Third, all employee-related procedures in a company split, such as prior notification requirements and those individual consultations mentioned above, will now have to be followed in respect of those employees whose employment contracts will be transferred to the successor company by way of a separate transfer agreement (as opposed to those whose employment contracts are transferred as part of the company split).
 
Amendments to Business Transfer Guidelines
 
The guidelines concerning matters to be considered by companies in business transfers and mergers were amended to (i) ensure that companies obtain the genuine and informed (as opposed to the coerced or misguided) consent of their employees before such employees may be transferred as part of a business transfer and (ii) enhance the mutual understanding between the transferor and its employees so as to facilitate a smooth business transfer.
 
In summary, the amended guidelines require transferors to consult with employees and labour unions on a business transfer well before the business transfer is slated to take place, so as to secure enough time for the procurement of employees’ consent to the business transfer. As with the case of a company split, the viability of both the transferring company and the transferee should be discussed in employee consultations. An employee will only be transferred under a business transfer if his or her individual consent to such transfers is obtained. (By contrast, no such individual employee consent is necessary in the case of a company split, although employees opposed to the company split may, subject to the terms of their employment contracts, terminate their employment.)
 
Conclusion
 
With Japanese companies being increasingly open to foreign investments, as evidenced by the continued uptrend in inbound M&A activity, foreign investors should also keep track of changes in Japanese labour laws, which could sometimes affect the feasibility of a deal.
 
Seiya Kai– Associate
Anderson Mori & Tomotsune
Address: Akasaka K-Tower, 2-7, Motoakasaka 1-chome
Minato-ku, Tokyo 107-0051, Japan
E-mail : seiya.kai@amt-law.com
Tel : 81-3-6888-4790
Fax : 81-3-6888-6790
 
Seiya Kai is an associate at Anderson Mori & Tomotsune and is engaged principally in the field of mergers and acquisitions, joint venture and general corporate matters. Mr. Kai is also experienced in capital market transactions, such as the issuance of equity or debt by domestic and foreign companies. He is also working on litigation matters for a number of companies. He is qualified in Japan and has received JD from the University of Tokyo, School of Law.
 
Shigeki Tatsuno – Partner (Corporate/M&A/IP)
Anderson Mori & Tomotsune
Address: Akasaka K-Tower, 2-7, Motoakasaka 1-chome
Minato-ku, Tokyo 107-0051, Japan
E-mail: shigeki.tatsuno@amt-law.com
Tel: 81-3-6888-1124
Fax: 81-3-6888-3124
 
Shigeki Tatsuno is a partner at Anderson Mori & Tomotsune and specialises in the area of mergers and acquisitions, joint ventures, and cross-border investments in every field, including life-science sector. Mr. Tatsuno has extensive experience in advising venture companies and advising on PE funds. He also provides advice to foreign and domestic clients on intellectual property issues/transactions and general corporate matters. He has served as a member of the Human Research Ethics Review Committee of Graduate School of Pharmaceutical Sciences, Faculty of Pharmaceutical Sciences, the University of Tokyo since November 2014.

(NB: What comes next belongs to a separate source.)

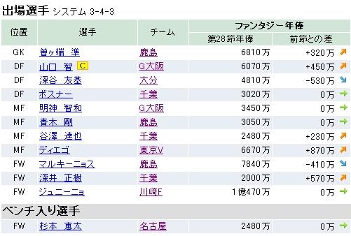 まずは第28節の結果なんですけど・・・、84fpでした。名古屋勢が伸びなかったのは誤算。ジュビロ前田のハットトリックのおかげでなんとか及第点を保ったってとこでしょうか。現在の資金は5億9320万です。
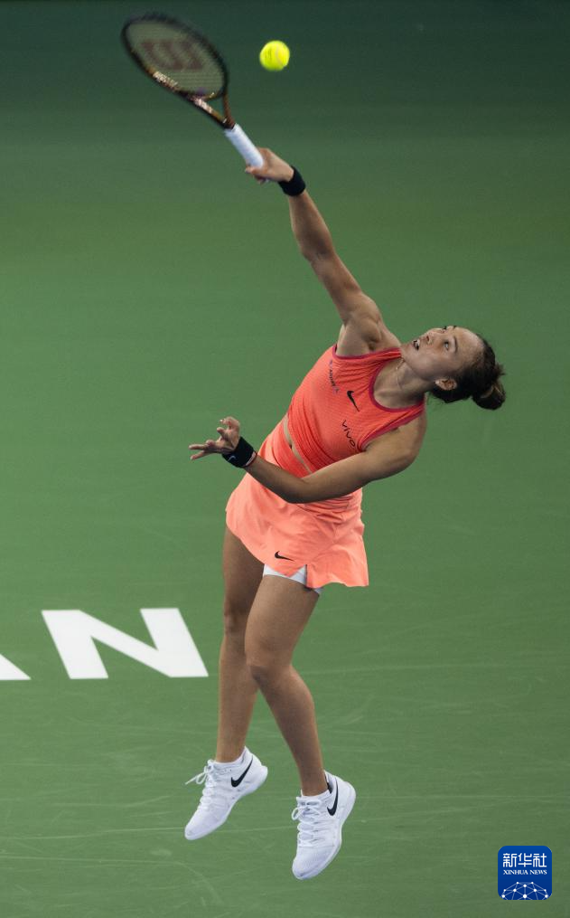 10月13日,郑钦文在比赛中发球。

[1]Mergers & Acquisitions Research Report February 2017. Japan: RECOF DATA Corporation, 10-13.
[2]A company split involves the carve-out of the target business (typically known as the “split company”) from a company and the transfer of the carved-out business to a separate entity (typically known as the “successor company”).
 
[3]A business transfer involves a contract between the buyer and the seller under which the seller transfers all or a material part of its business to the buyer.